Consider the distribution:

$$ X = \{ 4,1,7,2,6,18,12 \} $$

Sort it in ascending order:

$$ X = \{ 1,2,4,6,7,12,18 \} $$

Assign each term an increasing index, starting from 1:

$$ x_1 = 1 \\ x_2=2 \\ x_3 = 4 \\ x_4 = 6 \\ x_5=7 \\ x_6=12 \\ x_7=18 $$

This distribution has n=7 elements.

Since n is odd, we use the formula to find the median's position:

$$ c = \frac{n+1}{2} = \frac{7+1}{2} = \frac{8}{2} = 4 $$

The median is the term at position c=4.

Thus, the median is the value x4 = 6.

$$ \mu_e = x_c = x_4 = 6 $$

This median divides the distribution into two groups of three elements each.

an example of a median

Example 2

Consider the distribution:

$$ X = \{ 3,8,12,2,6,7,3,18 \} $$

Sort it in ascending order:

$$ X = \{ 2,3,3,6,7,8,12,18 \} $$

Assign each term an increasing index:

$$ x_1 = 2 \\ x_2=3 \\ x_3 = 3 \\ x_4 = 6 \\ x_5=7 \\ x_6=8 \\ x_7=12 \\ x_8=18 $$

This distribution has n=8 elements.

Since n is even, find the two central positions c1 and c2:

$$ c_1 = \frac{n}{2} = \frac{8}{2} = 4 $$

$$ c_2 = \frac{n}{2} + 1 = \frac{8}{2} + 1 = 4 + 1 = 5 $$

The values at these positions are x4 = 6 and x5 = 7.

$$ x_{c1} = x_4 = 6 $$

$$ x_{c2} = x_5 = 7 $$

The median is the average of these two values:

$$ \mu_e = \frac{x_{c1} + x_{c2}}{2} = \frac{6 + 7}{2} = \frac{13}{2} = 6.5 $$

Therefore, the median is 6.5.

$$ \mu_e = 6.5 $$

Note: When the distribution has an even number of elements, the median may not necessarily be one of the values in the distribution. For instance, here the median value 6.5 is not part of the original distribution X = {4,1,7,2,6,18,12}.

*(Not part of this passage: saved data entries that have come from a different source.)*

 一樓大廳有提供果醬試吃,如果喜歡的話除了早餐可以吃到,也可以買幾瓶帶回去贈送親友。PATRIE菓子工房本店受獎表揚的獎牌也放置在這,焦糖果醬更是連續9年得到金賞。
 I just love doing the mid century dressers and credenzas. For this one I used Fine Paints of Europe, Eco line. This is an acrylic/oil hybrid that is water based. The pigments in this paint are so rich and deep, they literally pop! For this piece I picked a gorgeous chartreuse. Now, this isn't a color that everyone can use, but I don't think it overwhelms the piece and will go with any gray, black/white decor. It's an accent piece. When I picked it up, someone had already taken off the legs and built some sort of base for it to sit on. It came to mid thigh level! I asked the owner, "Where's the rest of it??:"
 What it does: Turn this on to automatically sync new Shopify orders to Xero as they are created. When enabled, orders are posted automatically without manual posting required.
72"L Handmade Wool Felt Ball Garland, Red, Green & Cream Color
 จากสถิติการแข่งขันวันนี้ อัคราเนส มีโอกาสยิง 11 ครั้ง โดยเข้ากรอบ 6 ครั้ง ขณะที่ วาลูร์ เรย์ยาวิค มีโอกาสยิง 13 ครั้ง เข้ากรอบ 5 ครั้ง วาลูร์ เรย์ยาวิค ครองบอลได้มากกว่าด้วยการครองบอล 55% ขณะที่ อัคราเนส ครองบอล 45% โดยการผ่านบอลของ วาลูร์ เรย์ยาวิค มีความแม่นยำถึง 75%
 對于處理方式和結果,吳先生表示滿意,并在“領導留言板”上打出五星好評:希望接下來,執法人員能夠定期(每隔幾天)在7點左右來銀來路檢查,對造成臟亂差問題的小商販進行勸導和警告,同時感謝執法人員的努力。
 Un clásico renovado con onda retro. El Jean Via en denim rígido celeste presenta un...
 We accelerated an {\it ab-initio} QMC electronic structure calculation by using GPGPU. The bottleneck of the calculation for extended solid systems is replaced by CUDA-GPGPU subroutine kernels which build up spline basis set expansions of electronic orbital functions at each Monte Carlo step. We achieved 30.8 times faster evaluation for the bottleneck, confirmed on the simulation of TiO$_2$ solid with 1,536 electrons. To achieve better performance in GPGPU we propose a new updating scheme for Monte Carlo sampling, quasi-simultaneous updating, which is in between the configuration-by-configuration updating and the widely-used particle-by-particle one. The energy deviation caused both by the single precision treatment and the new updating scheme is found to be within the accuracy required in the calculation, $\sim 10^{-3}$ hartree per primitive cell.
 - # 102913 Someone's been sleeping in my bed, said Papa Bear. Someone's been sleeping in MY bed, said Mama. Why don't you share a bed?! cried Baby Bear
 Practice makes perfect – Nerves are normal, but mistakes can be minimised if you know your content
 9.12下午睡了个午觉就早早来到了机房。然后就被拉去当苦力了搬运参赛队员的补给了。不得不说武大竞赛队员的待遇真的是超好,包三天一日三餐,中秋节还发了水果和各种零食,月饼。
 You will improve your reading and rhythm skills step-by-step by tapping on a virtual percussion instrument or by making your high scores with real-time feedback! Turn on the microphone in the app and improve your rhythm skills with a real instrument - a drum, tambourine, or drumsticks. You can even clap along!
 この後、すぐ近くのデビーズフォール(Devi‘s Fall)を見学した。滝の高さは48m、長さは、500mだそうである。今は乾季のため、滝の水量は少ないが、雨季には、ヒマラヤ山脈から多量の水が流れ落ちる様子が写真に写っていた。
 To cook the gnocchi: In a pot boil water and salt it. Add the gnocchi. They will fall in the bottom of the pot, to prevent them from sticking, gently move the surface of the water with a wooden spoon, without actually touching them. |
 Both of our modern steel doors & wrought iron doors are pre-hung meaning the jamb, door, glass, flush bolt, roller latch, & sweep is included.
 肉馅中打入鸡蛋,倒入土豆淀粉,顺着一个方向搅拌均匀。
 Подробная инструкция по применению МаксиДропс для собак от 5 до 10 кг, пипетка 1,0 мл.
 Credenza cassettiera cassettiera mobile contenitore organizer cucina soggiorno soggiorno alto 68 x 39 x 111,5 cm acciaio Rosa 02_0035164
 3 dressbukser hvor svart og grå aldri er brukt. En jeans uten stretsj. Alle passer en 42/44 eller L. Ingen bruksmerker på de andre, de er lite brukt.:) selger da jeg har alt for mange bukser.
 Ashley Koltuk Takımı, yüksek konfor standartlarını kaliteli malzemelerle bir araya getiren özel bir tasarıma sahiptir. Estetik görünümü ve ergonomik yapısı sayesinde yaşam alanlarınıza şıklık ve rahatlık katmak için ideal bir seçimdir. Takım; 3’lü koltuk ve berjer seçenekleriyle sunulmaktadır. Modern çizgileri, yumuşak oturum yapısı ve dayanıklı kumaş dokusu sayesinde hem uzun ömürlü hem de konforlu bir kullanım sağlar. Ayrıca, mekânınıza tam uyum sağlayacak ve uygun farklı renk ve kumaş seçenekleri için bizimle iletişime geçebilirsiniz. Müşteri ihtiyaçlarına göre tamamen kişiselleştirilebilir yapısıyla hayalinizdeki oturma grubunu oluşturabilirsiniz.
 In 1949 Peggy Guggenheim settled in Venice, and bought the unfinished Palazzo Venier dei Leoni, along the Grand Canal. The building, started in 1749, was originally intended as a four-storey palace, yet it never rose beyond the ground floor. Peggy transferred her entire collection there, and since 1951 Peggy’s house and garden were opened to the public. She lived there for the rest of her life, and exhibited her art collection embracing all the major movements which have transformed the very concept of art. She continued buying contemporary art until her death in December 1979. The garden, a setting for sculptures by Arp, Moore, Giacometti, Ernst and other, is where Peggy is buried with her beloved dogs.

The median in a frequency distribution

To find the median in a frequency distribution:

  1. Calculate the cumulative absolute frequency by adding each frequency to the sum of all previous frequencies.
  2. Identify the median's position (c) in the cumulative frequency:

    If the cumulative frequency is even, the median position is $$ c = \frac{ \sum_{k=1}^n f_k}{2} $$. If it's odd, the median position is $$ c = \frac{ 1 + \sum_{k=1}^n f_k}{2} $$.

  3. Find the cumulative frequency that includes the median's position (c).
  4. The class associated with that cumulative frequency is the median class.

Example

Consider this frequency distribution:

a frequency distribution

Add a column for the cumulative absolute frequencies:

cumulative absolute frequencies

The total cumulative frequency is 40.

Since it's even, use the formula to find the median's position:

$$ c = \frac{ \sum_{k=1}^n f_k}{2} = \frac{40}{2} = 20 $$

The median position is c = 20.

Next, check which cumulative frequency contains the median's position c = 20.

Here, the median position c = 20 falls within the cumulative frequency range 16-22, which corresponds to the class 24.

the median class is 24

Thus, the median class for this distribution is 24.

$$ \mu_e = 24 $$

Example 2

Consider this frequency distribution divided into classes:

example of a data table

Each class represents a range of values.

Add a column for the cumulative absolute frequencies:

table with cumulative data

Again, the total cumulative frequency (40) is an even number.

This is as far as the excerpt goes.